J'ai vérifié que le service de gestion de Windows Server Essentials ( WseMgmtSvc ) est responsable de ces échecs de connexion génériques en le désactivant pendant quelques jours et il n'y avait pas d'échecs de connexion génériques et en l'activant pendant quelques jours et il y avait des milliers d'échecs de connexion génériques.
Mise à jour 2015/10/08 09:06 :
Le 2015/10/07 à 16:42, j'ai trouvé la tâche planifiée suivante :
- Nom : "Evaluations d'alerte"
- Emplacement : " \Microsoft\Windows\Windows Server Essentials "
- Auteur : "Microsoft Corporation"
- Description : "Cette tâche évalue périodiquement la santé de l'ordinateur".
- Compte : "SYSTEM"
- Déclencheurs : "A 08:54 le 28/10/2014 - Après le déclenchement, répéter toutes les 30 minutes indéfiniment".
- Actions : "Démarrer un programme : C:\Windows\System32\Essentials\RunTask.exe /asm :" C:\Windows\Microsoft.Net\assembly\GAC_MSIL\AlertFramework\v4.0_6.3.0.0__31bf3856ad364e35\AlertFramework.dll " /class:Microsoft.WindowsServerSolutions.NetworkHealth.AlertFramework.HealthScheduledTask /method:EvaluateAlertsTaskAction /task : "Evaluations des alertes""

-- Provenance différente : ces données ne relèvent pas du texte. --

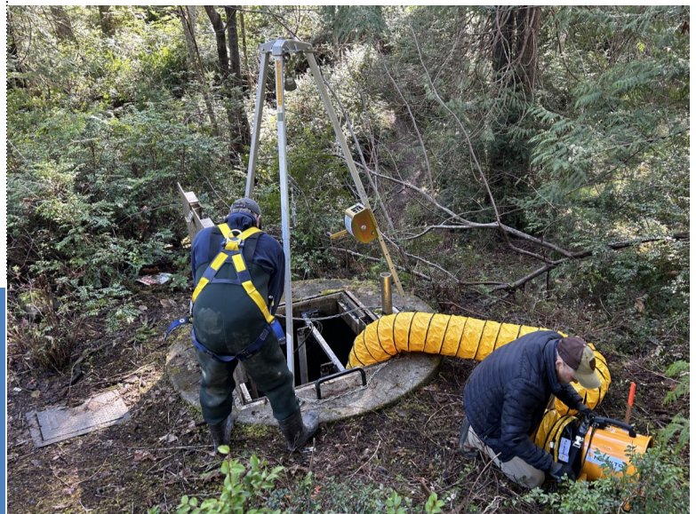
Kelly, left, assesses and prepares for confined space entry into the wet well at Lift Station #5, while safety equipment is installed and observed to be operating satisfactorily

There are more protocols for staying safe in confined spaces and certain circumstances require observing additional steps. At the end of the project, the crew safely and successfully completed the tasks, resulting in the repair of a backup pump and attachment of the chain to the other pump.
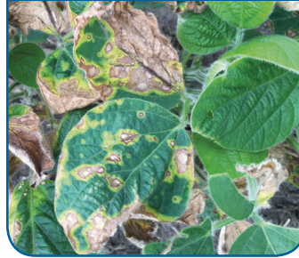
Glutamine Synthesis Inhibitor (10) Glufosinate, Liberty, etc.

Cette période correspond presque exactement au comportement ci-dessus. Je l'ai donc désactivée pour voir si elle affecte le problème.

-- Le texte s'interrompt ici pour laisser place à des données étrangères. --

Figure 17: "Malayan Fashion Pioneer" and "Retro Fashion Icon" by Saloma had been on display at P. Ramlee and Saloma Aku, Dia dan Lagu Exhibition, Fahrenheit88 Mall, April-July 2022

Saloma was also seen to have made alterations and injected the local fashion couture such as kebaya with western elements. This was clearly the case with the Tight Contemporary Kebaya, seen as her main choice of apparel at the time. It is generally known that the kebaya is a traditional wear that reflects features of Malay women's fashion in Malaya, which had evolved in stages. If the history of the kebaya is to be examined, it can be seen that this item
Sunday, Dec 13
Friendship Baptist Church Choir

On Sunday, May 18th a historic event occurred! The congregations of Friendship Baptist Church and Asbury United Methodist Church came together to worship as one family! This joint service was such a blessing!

Le 2015/10/08 à 08:57, j'ai constaté que seules 47 de ces connexions génériques échouées étaient enregistrées depuis à intervalles irréguliers.

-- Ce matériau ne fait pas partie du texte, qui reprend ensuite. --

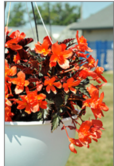
'Conia Upright Fire Begonia in bloom
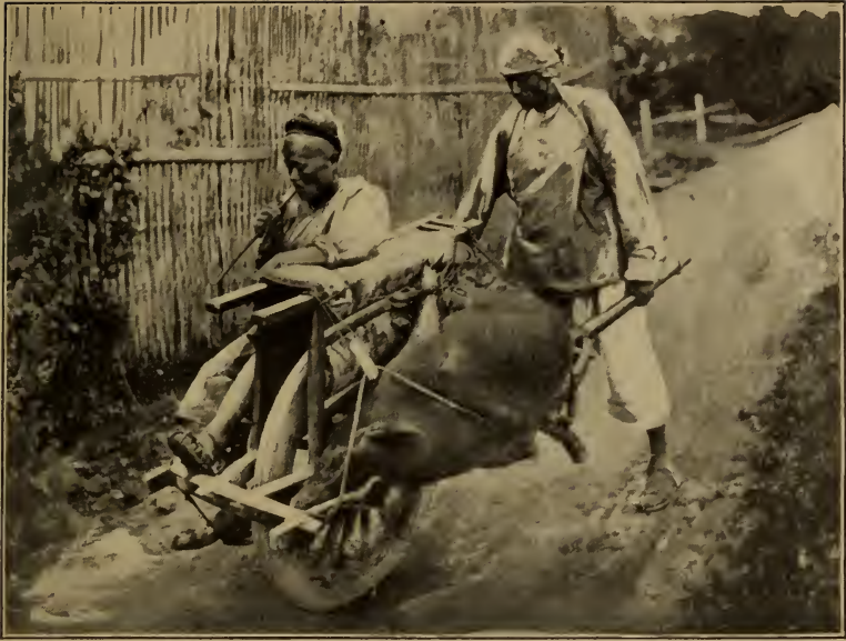
GOING TO MARKET.

Donc, j'ai encore réduit la liste.
0 votes
Quelle méthode avez-vous utilisée pour configurer vos machines win7 ?
0 votes
@strange walker Il est probable que, dans chacun des trois environnements concernés, le lot de PC initiaux a été configuré comme suit : un seul PC a été configuré (pilotes, logiciels, etc.), une image du PC a été créée, les autres PC ont été imagés à l'aide de l'image configurée, puis chaque PC a été renommé et ajouté au domaine via l'assistant Connecteur.
0 votes
Pour être honnête, j'ignorerais tout simplement ces événements. Windows crée une myriade d'événements de sécurité, et cet événement particulier n'est absolument pas nuisible.
0 votes
@Lucky Luke Malheureusement, notre système de surveillance ne peut pas faire la différence entre les événements d'échec de connexion et nous ne pouvons donc pas vraiment augmenter le seuil de vérification au cas où nous manquerions un problème réel.
0 votes
Vous ne pouvez donc pas exclure/ignorer les événements qui contiennent "NULL SID" par exemple ? Quel système de surveillance utilisez-vous ?
0 votes
@Lucky Luke Je ne crois pas que la surveillance automatisée de MAXfocus le fasse, non. Il semble qu'il vérifie simplement si le nombre de logs d'échec d'audit a dépassé le seuil défini.
0 votes
C'est surprenant, j'envisagerais d'utiliser une solution de surveillance différente (si possible), je suis en fait incrédule que cela ne soit pas possible. Vous pourriez également limiter les audits, mais vous risqueriez alors de passer à côté de défaillances d'audit critiques. Mais encore une fois, vous les manquerez probablement de toute façon puisqu'elles seront masquées par les défaillances absurdes que vous recevez régulièrement.
1 votes
@Lucky Luke Nous l'envisageons mais c'est encore loin et cela ne résout pas la cause première, malheureusement, donc j'ai toujours besoin d'une réponse à cette question.
0 votes
Vous voudrez peut-être vérifier si quelqu'un essaie de pirater votre serveur s'il est public.